*Work to be completed:* Exercise in exact copying: restate word for word only the lines below from the one containing "Впечатляющий коридор, освещенный" through the one containing "Antique Brass Screwless", omitting any pictures.
*** Working data Section Begins ***
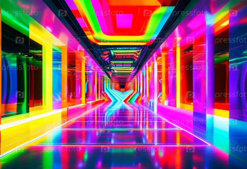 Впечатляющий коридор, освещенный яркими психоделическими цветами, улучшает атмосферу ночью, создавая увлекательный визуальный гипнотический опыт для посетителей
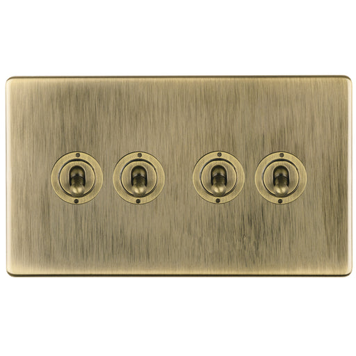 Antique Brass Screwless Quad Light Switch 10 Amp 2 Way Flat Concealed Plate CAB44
*** Working data Section Ends ***
*** Working data Section Begins ***
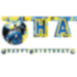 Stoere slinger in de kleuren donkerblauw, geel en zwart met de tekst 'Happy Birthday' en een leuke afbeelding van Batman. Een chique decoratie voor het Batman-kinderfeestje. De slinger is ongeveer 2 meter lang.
*** Working data Section Ends ***
*Reply to the exercise:*
 Впечатляющий коридор, освещенный яркими психоделическими цветами, улучшает атмосферу ночью, создавая увлекательный визуальный гипнотический опыт для посетителей
 Antique Brass Screwless Quad Light Switch 10 Amp 2 Way Flat Concealed Plate CAB44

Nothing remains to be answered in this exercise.